(Data provided Opens)
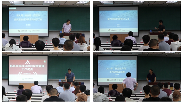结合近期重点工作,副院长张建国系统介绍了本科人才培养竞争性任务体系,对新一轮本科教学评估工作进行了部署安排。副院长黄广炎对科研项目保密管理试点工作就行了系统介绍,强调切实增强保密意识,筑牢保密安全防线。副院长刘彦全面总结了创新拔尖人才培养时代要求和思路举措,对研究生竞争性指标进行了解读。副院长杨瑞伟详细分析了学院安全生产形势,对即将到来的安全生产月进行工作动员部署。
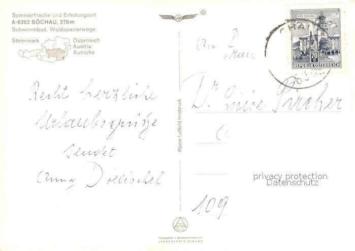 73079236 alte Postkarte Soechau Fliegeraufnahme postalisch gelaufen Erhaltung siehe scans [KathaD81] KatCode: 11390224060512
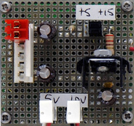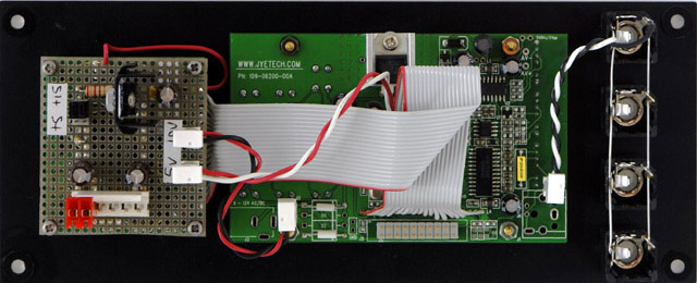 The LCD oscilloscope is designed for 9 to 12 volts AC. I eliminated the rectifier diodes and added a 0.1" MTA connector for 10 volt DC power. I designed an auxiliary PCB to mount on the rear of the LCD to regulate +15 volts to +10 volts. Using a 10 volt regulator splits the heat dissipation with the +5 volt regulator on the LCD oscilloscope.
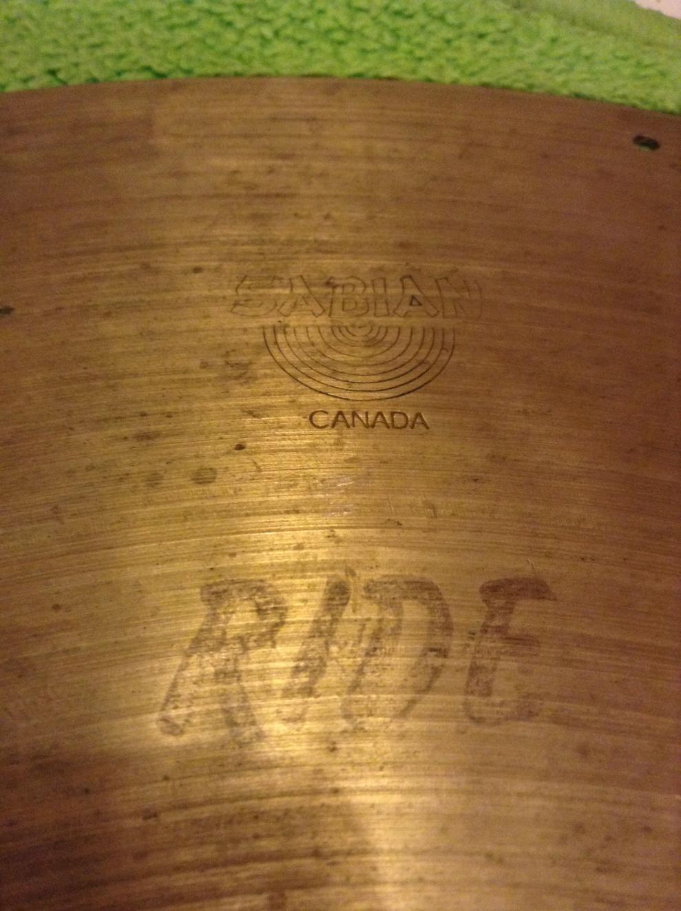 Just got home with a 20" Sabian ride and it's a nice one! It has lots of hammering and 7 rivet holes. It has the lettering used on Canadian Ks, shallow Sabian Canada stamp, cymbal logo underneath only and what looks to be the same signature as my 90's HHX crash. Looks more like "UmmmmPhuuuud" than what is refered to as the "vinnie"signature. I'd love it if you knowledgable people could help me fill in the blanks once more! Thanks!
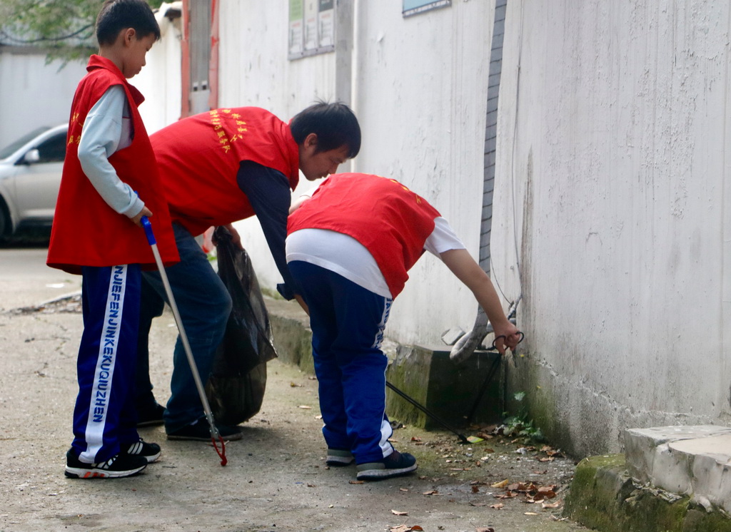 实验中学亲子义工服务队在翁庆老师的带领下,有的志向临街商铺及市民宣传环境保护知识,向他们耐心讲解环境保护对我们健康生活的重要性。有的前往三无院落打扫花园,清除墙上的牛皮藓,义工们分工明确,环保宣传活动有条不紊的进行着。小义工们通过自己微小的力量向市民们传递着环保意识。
(Data provided Closes)
(Data provided Opens)
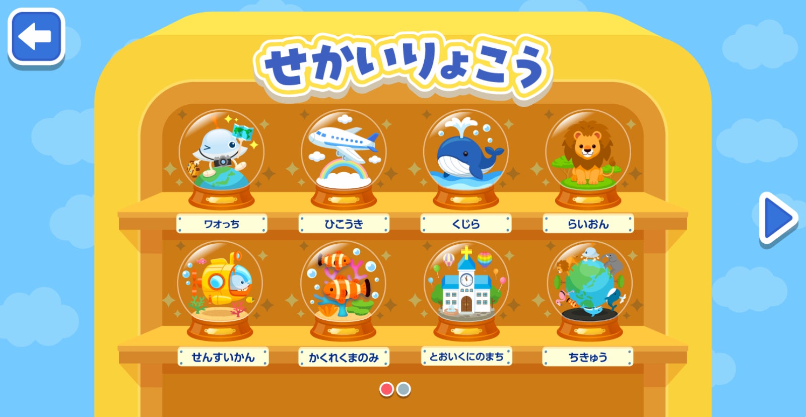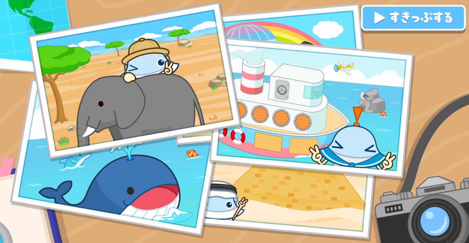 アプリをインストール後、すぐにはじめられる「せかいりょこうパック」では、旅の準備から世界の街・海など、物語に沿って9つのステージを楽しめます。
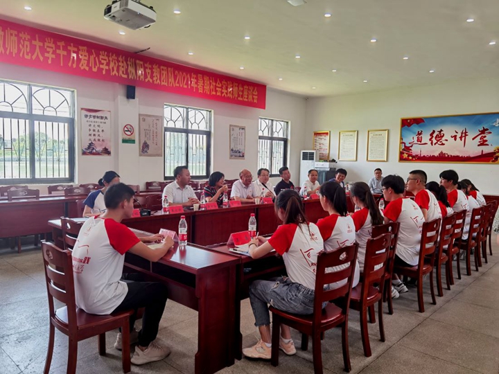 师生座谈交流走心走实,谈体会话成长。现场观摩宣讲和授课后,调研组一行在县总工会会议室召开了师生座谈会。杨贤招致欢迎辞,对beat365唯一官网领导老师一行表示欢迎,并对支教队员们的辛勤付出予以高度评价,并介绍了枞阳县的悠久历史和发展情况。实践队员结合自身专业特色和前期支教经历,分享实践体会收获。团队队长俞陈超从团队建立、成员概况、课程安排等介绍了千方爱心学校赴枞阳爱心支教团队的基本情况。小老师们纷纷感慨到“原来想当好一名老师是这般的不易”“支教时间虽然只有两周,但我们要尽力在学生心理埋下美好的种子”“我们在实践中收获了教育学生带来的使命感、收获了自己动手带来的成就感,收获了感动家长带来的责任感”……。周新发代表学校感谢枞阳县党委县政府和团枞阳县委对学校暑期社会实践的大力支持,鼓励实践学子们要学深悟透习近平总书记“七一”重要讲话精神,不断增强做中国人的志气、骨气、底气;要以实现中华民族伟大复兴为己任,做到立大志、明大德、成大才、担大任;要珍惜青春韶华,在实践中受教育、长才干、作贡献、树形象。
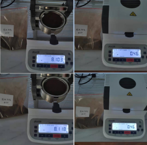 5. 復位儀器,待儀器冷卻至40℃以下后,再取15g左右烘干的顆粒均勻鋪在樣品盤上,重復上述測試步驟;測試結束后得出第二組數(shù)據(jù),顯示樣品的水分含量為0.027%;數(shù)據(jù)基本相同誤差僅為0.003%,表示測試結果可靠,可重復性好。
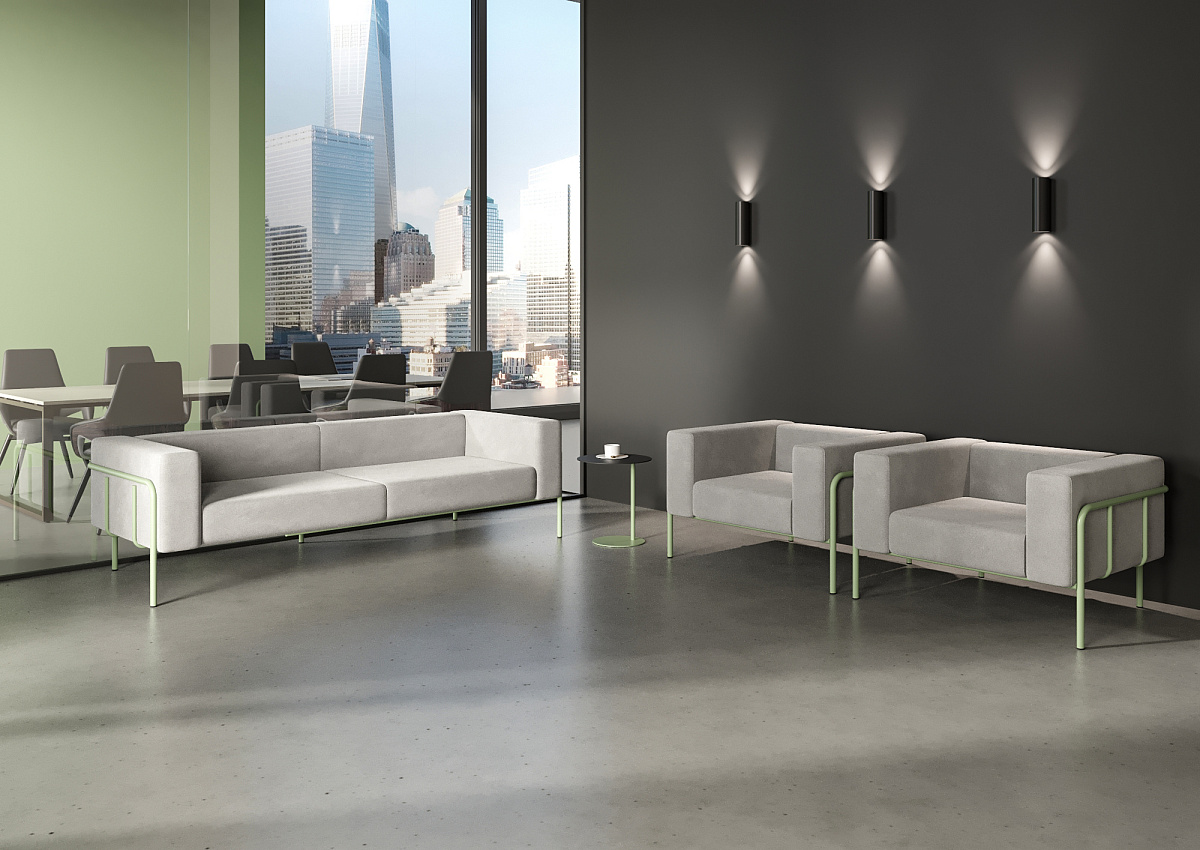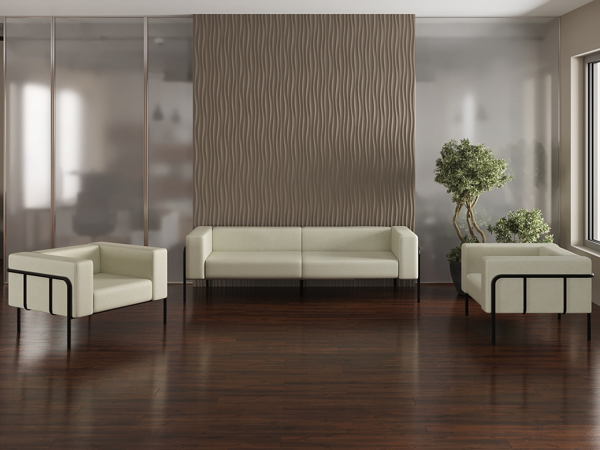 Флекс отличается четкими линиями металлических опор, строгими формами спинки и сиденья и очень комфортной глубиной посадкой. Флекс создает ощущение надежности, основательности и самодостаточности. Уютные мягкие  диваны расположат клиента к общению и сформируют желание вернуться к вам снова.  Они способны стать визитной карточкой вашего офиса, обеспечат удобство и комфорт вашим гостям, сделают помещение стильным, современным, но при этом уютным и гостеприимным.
(Data provided Closes)
In the listing above, find the line with "The LCD oscilloscope is" and the line with "实验中学亲子义工服务队在翁庆". Transcribe those two and everything between, exactly, leaving out pictures.

 The LCD oscilloscope is designed for 9 to 12 volts AC. I eliminated the rectifier diodes and added a 0.1" MTA connector for 10 volt DC power. I designed an auxiliary PCB to mount on the rear of the LCD to regulate +15 volts to +10 volts. Using a 10 volt regulator splits the heat dissipation with the +5 volt regulator on the LCD oscilloscope.
 Just got home with a 20" Sabian ride and it's a nice one! It has lots of hammering and 7 rivet holes. It has the lettering used on Canadian Ks, shallow Sabian Canada stamp, cymbal logo underneath only and what looks to be the same signature as my 90's HHX crash. Looks more like "UmmmmPhuuuud" than what is refered to as the "vinnie"signature. I'd love it if you knowledgable people could help me fill in the blanks once more! Thanks!
 实验中学亲子义工服务队在翁庆老师的带领下,有的志向临街商铺及市民宣传环境保护知识,向他们耐心讲解环境保护对我们健康生活的重要性。有的前往三无院落打扫花园,清除墙上的牛皮藓,义工们分工明确,环保宣传活动有条不紊的进行着。小义工们通过自己微小的力量向市民们传递着环保意识。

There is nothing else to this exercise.